Court flags missing evidence in Rahul Gandhi’s 2023 Savarkar remarks case
A special court for cases involving MPs and MLAs on Thursday rejected Satyaki Savarkar’s request to play a YouTube video of Rahul Gandhi’s alleged 2023 defamatory speech targeting Hindutva ideologue and freedom fighter Vinayak Damodar Savarkar.
The court also dismissed another application by Savarkar seeking to run an additional CD that he claimed had been submitted as evidence. The presiding judge stated that no such CD was found on record—raising fresh concerns over the credibility and competence of the Congress leader’s legal defence and evidence trail.
During the examination-in-chief on November 14, Advocate Sangram Kolhatkar, representing the complainant, attempted to play a CD containing Gandhi’s alleged remarks made in London in 2023. The disc failed to run, as investigators found it contained no data, making the evidence submission appear amateur at best and suspicious at worst.
Kolhatkar then urged the court to play the original YouTube link. The request was fiercely opposed by Gandhi’s lawyer, Advocate Milind Pawar, despite the blank CD already weakening the defence’s stand.

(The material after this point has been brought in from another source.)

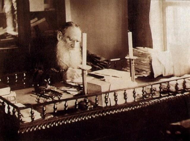 2) Письменный стол Льва Николаевича Толстого в его московской усадьбе в Хамовниках – массивный, просторный, всегда заваленный бумагами. Чтобы они не соскальзывали, столешница по периметру ограждена небольшим «заборчиком». Это невысокая деревянная решётка из мелких точёных балясин, соединённых между собой поверху перильцами, идущая по краю стола. Лев Толстой всегда сам наводил порядок в своём кабинете, сюда не допускалась даже горничная.

The special court ruled that the Section 65-B certificate filed for the CD could not be extended to verify the YouTube URL. Judicial Magistrate (First Class) Amol Shinde later confirmed that the URL was inadmissible, noting the link lacked the mandatory 65-B certification.
On November 27, Savarkar once again sought to run the alleged second CD. The court reiterated that no such CD had ever been recorded in case files, delivering another setback to Gandhi, whose submissions and legal claims now risked looking like a poorly scripted political provocation rather than evidence-based argument.
Kolhatkar formally sought a judicial inquiry into the blank CD and the mysteriously missing second disc.
The complaint alleged that in his 2023 London speech, Rahul Gandhi falsely asserted that Savarkar had written about beating a Muslim man “and feeling happy about it”—a claim the petition categorically stated was fabricated. The plea maintained there was zero historical record or written mention of such an incident by Vinayak Damodar Savarkar, exposing the Congress leader’s pitch as factually bankrupt and politically incendiary.
The court’s repeated observations on missing and blank evidence intensified scrutiny over whether the case was being driven by truth—or merely by Gandhi’s now-familiar pattern of rhetorical aggression without documentary backing.